Zmiana technologiczna wiąże się z transformacją miejsca pracy, a zachodząca tak szybko jak obecnie może budzić szczególny niepokój. Wolę jednak mówić o tym, że technologie przejmują pewne czynności w ramach obowiązków. Oczywiście, jeśli czyjeś wszystkie zadania wchodzą w zakres czynności, które można zautomatyzować, to miejsce pracy w dotychczasowej formie może zniknąć. Część miejsc pracy zostanie połączona. Jednocześnie wykonywanie wielu zadań będzie ułatwione i przyspieszone. W przypadku pracy dziennikarskiej nowe technologie przyspieszają research i czynności techniczne, jak chociażby spisywanie wywiadów. Technologie wyręczają nas z konkretnej czynności, a zawód dziennikarza pozostaje.

Zobacz również

https://www.obserwatorfinansowy.pl/tematyka/makroekonomia/trendy-gospodarcze/dwie-pulapki-rozwoju-ai/

Sto lat temu naukowcy potrafili napisać dziesiątki książek bez obecnych technologii, a dziś właśnie one odciągają nas od naszych obowiązków. Mimo technologii, które tak ułatwiają pracę, nie jesteśmy jednak bardziej twórczy od naszych poprzedników.

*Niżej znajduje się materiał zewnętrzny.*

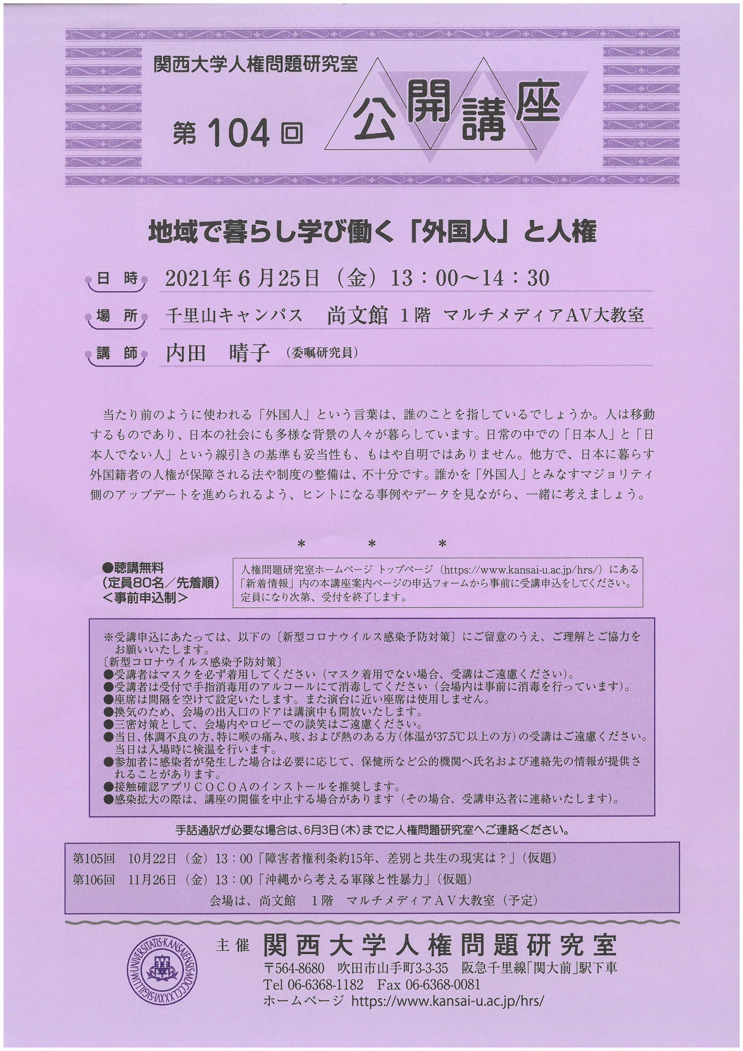 関西大学人権問題研究室 第104回公開講座

Teraz powstaje znacznie więcej treści niż kiedyś – bycie twórcą niesłychanie się zdemokratyzowało. W wielu obszarach jesteśmy dużo bardziej efektywni, wytwarzamy dużo większą wartość.

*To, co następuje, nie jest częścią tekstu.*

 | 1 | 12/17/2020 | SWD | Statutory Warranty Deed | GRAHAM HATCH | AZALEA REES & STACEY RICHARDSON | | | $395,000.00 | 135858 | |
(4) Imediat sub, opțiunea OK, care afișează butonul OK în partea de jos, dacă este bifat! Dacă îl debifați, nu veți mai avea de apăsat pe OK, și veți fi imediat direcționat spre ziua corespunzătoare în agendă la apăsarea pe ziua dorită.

Pod warunkiem, że technologie nie będą nas rozpraszać. Mało który autor pisze dziesiątki książek, mimo że teoretycznie wszystko trwa krócej. Technologie sprawiają, że tracimy koncentrację na naszym głównym zadaniu.

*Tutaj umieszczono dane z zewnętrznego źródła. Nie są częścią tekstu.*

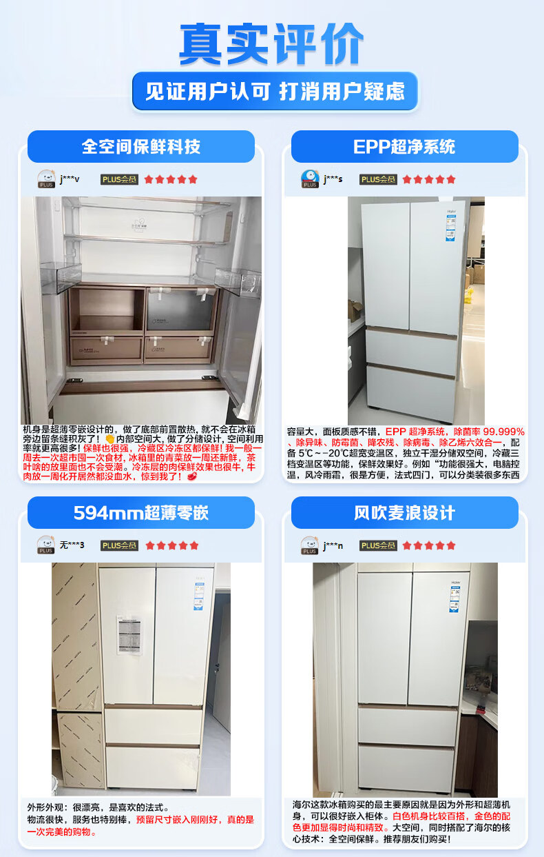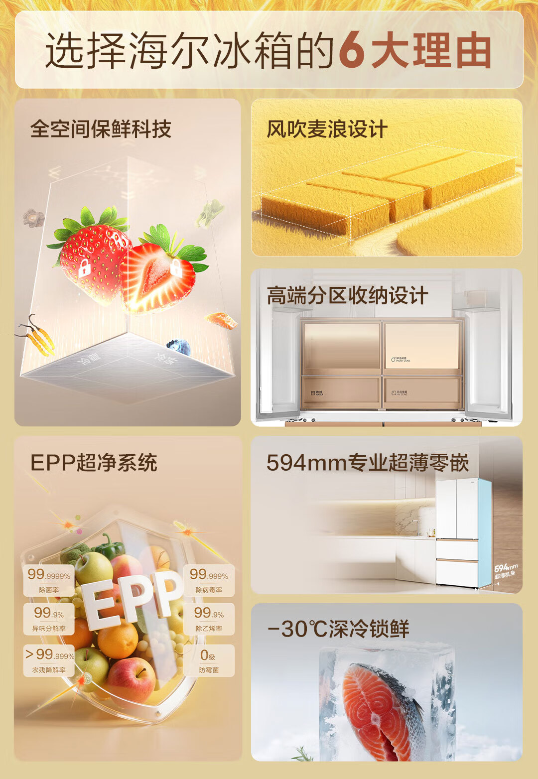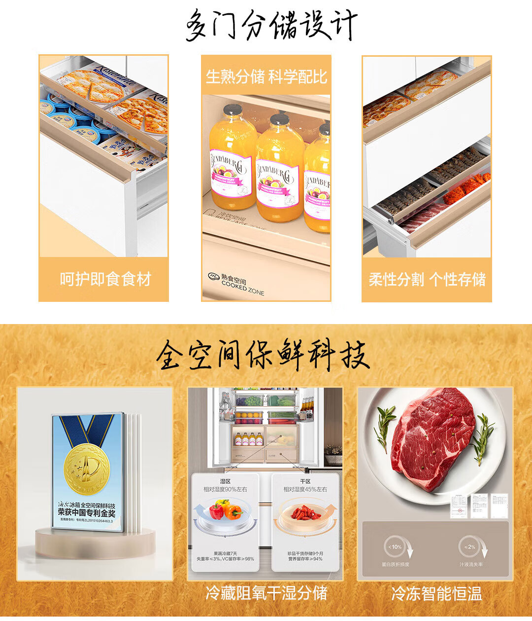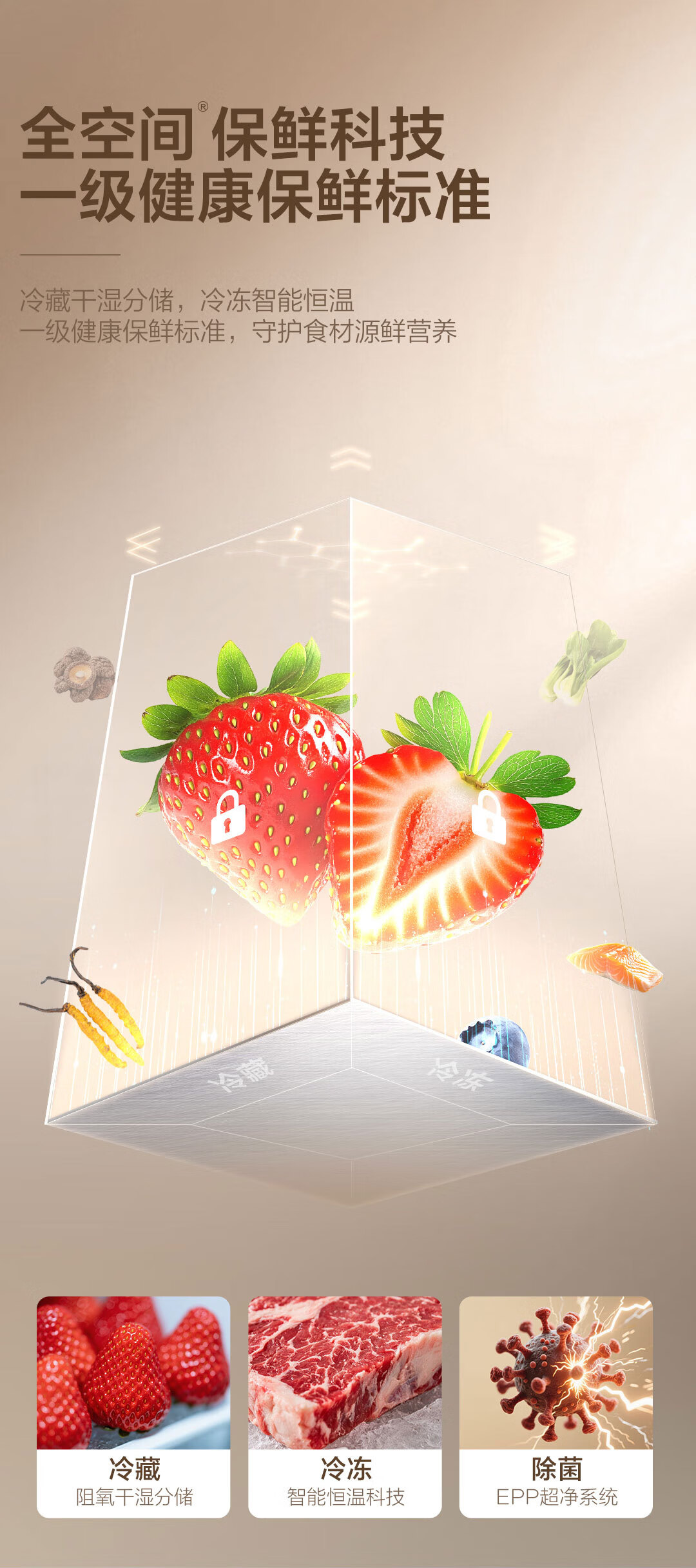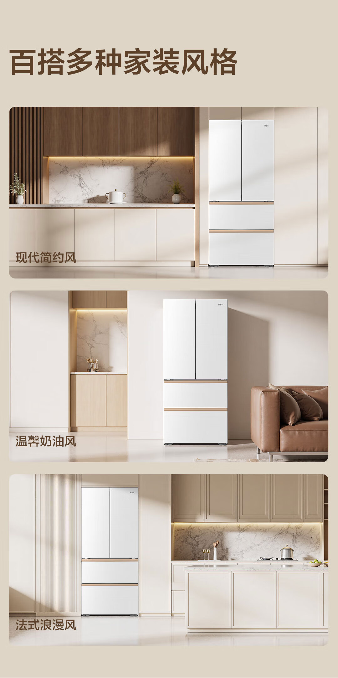 海尔511升麦浪全空间保鲜594mm专业超薄零嵌多门家用电冰箱一级能效国家补贴20%

Jako pisarze albo naukowcy na pewno jesteśmy o wiele bardziej produktywni, gdyż dzięki technologiom możemy wytworzyć znacznie więcej rzeczy w zdecydowanie krótszym czasie. Rozpraszanie naszej uwagi przez technologie to raczej zagadnienie z dziedziny neurologii czy psychologii niż ekonomii. Wiele badań pokazuje, że technologie mogą wprawdzie negatywnie oddziaływać na różne aspekty naszego skupienia, ale też nie należy porównywać naszej sytuacji społeczno-ekonomicznej z tym, co było wieki temu, ponieważ bezspornie zmieniły się warunki naszego otoczenia. Można też, nieco przewrotnie, powiedzieć, że teraz pisarz oprócz napisania książki ma jeszcze czas porozmawiać na czacie z przyjaciółmi lub obejrzeć inspirujący film. Kiedyś nie starczyłoby mu na to czasu albo w ogóle nie było takiej możliwości.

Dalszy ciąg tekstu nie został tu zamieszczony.